# [AIM OF THE EXERCISE]
All of the data that follows is to be written out exactly, with images excluded.

# [DATA EXTRACT]
▼▼▼
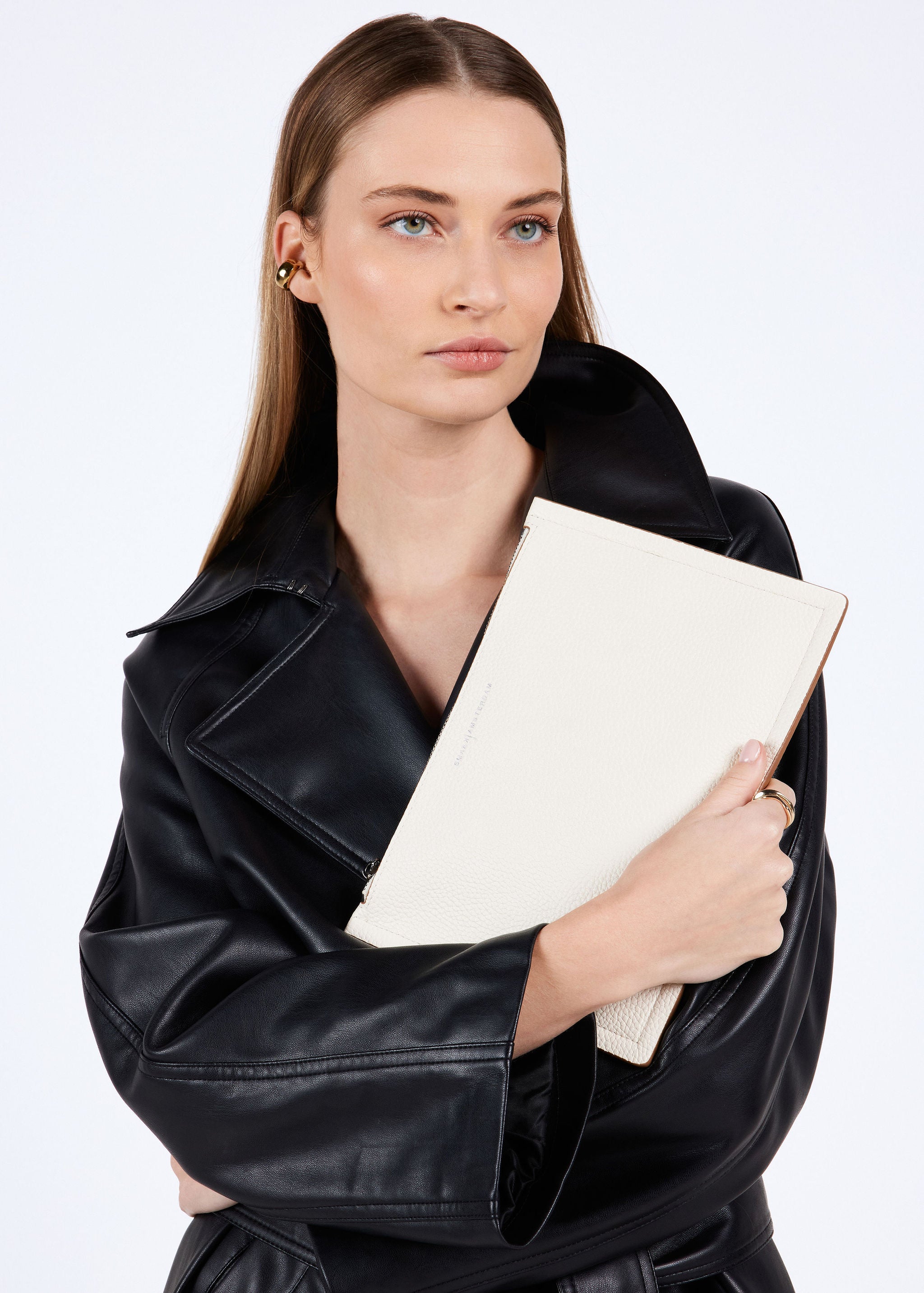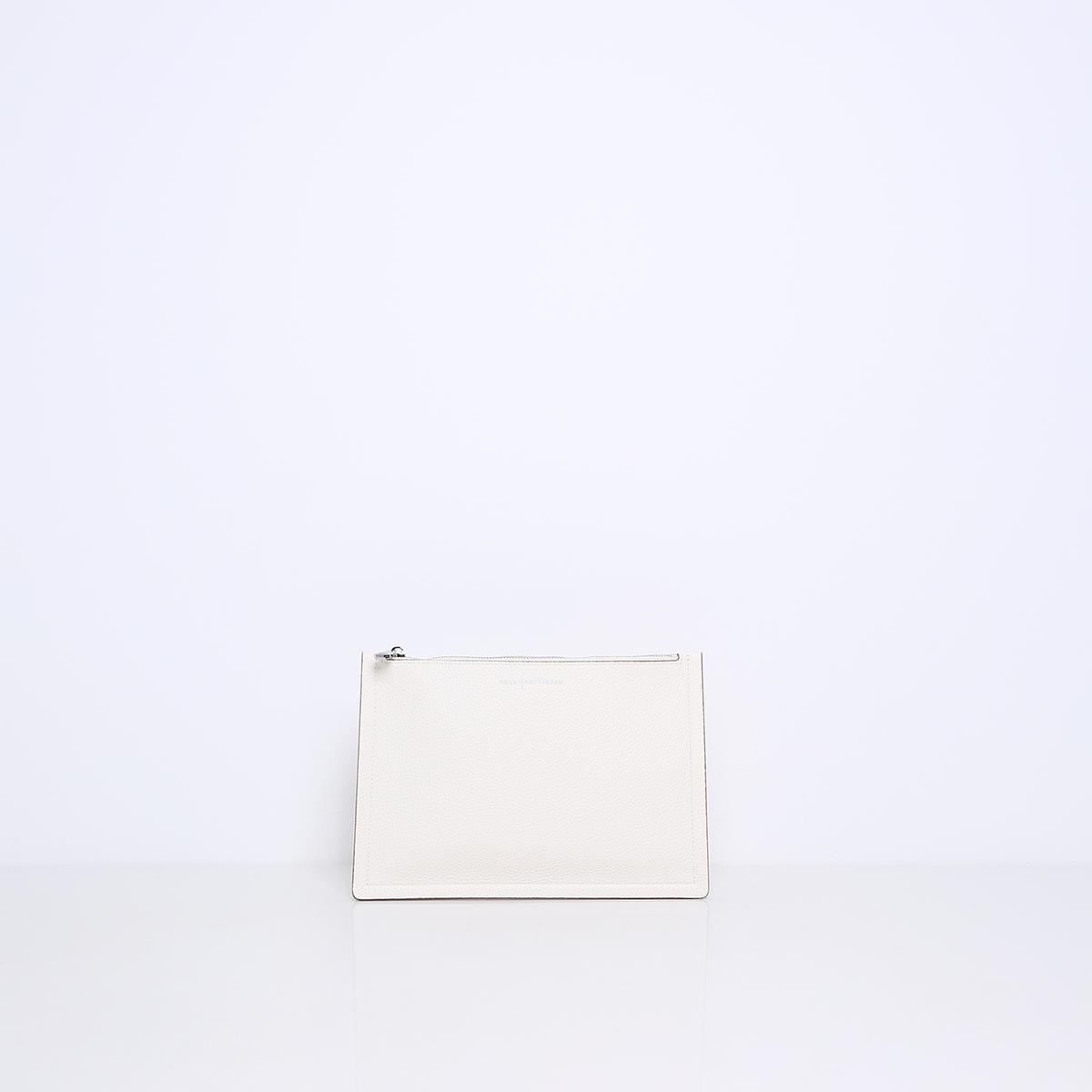 Discover our versatile leather pouch, perfect to use as a clutch or as an extra inner bag. This stylish pouch has no extra interior pockets, keeping it wonderfully spacious and simple. The inside is lined with luxurious suedine (viscose) material, providing a soft touch and extra protection for your belongings. The zipper at the top ensures everything is securely stored. Thanks to its flat design, this pouch fits easily into larger bags, while as a clutch it is an elegant addition to any outfit.
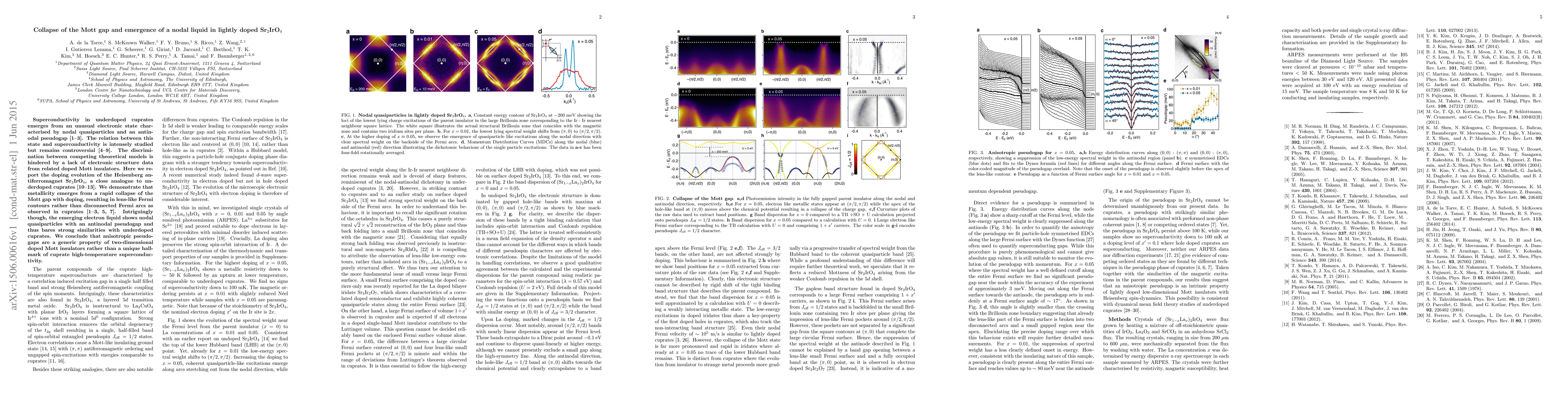 This paper investigates the electronic structure of lightly doped Sr$_2$IrO$_4$, revealing that metallicity emerges from a rapid collapse of the Mott gap, leading to a nodal liquid with an antinodal pseudogap, akin to underdoped cuprates, suggesting a broader relevance of anisotropic pseudogaps in doped Mott insulators.
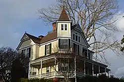 The Thomas B. Finley House, also known as The Oaks, is a historic home located at North Wilkesboro, Wilkes County, North Carolina. It was designed by architect Norma Bonniwell (1877–1961) and built in 1893. It is a two-story, Queen Anne style frame dwelling with a one-story rear ell. It features a hip and gable roof, corner tower, fish-scale-cut wood shingles, and one-story, hip-roofed, wraparound porch. It was built for prominent attorney Thomas B. Finley (1862–1942), whose firm Finley and Hendren occupied the Thomas B. Finley Law Office at Wilkesboro.[2]
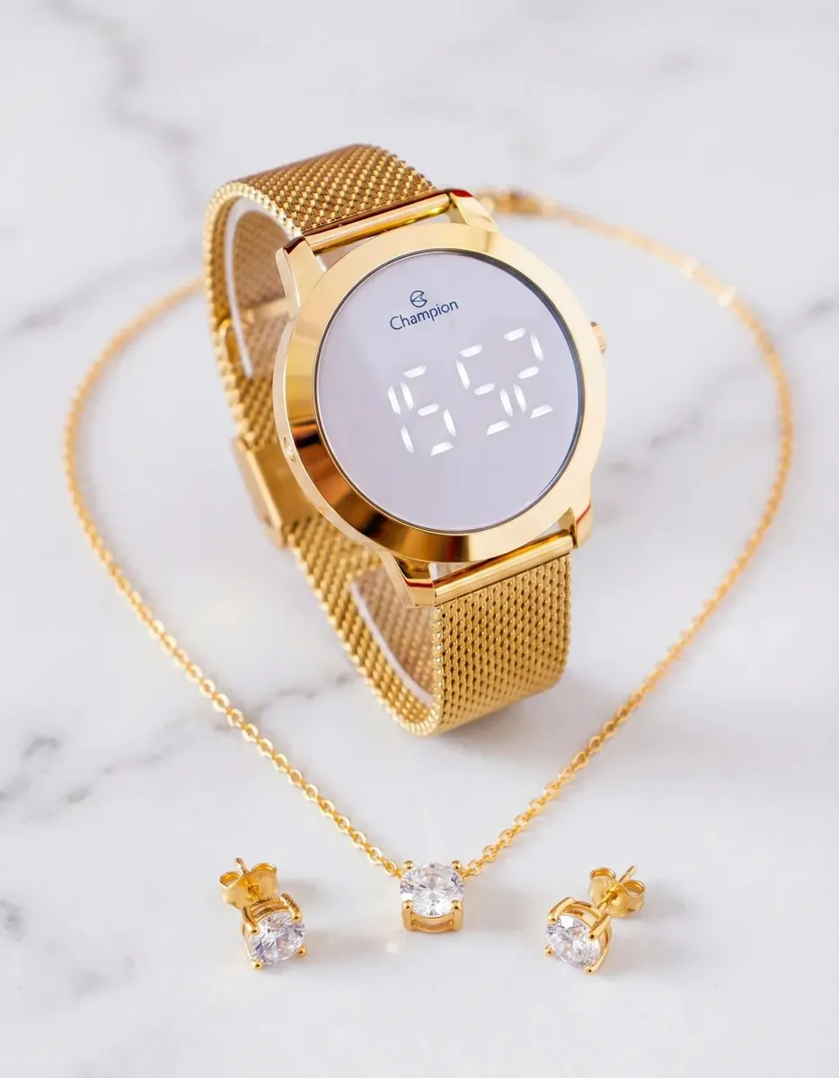 Seja o primeiro a avaliar “Kit Relógio Feminino Dourado Champion Digital Espelhado Colar E Brincos Com Correia em Aço Inoxidável Prova D´Agua 50 Metros”
▲▲▲
# [SOLUTION]
 Discover our versatile leather pouch, perfect to use as a clutch or as an extra inner bag. This stylish pouch has no extra interior pockets, keeping it wonderfully spacious and simple. The inside is lined with luxurious suedine (viscose) material, providing a soft touch and extra protection for your belongings. The zipper at the top ensures everything is securely stored. Thanks to its flat design, this pouch fits easily into larger bags, while as a clutch it is an elegant addition to any outfit.
 This paper investigates the electronic structure of lightly doped Sr$_2$IrO$_4$, revealing that metallicity emerges from a rapid collapse of the Mott gap, leading to a nodal liquid with an antinodal pseudogap, akin to underdoped cuprates, suggesting a broader relevance of anisotropic pseudogaps in doped Mott insulators.
 The Thomas B. Finley House, also known as The Oaks, is a historic home located at North Wilkesboro, Wilkes County, North Carolina. It was designed by architect Norma Bonniwell (1877–1961) and built in 1893. It is a two-story, Queen Anne style frame dwelling with a one-story rear ell. It features a hip and gable roof, corner tower, fish-scale-cut wood shingles, and one-story, hip-roofed, wraparound porch. It was built for prominent attorney Thomas B. Finley (1862–1942), whose firm Finley and Hendren occupied the Thomas B. Finley Law Office at Wilkesboro.[2]
 Seja o primeiro a avaliar “Kit Relógio Feminino Dourado Champion Digital Espelhado Colar E Brincos Com Correia em Aço Inoxidável Prova D´Agua 50 Metros”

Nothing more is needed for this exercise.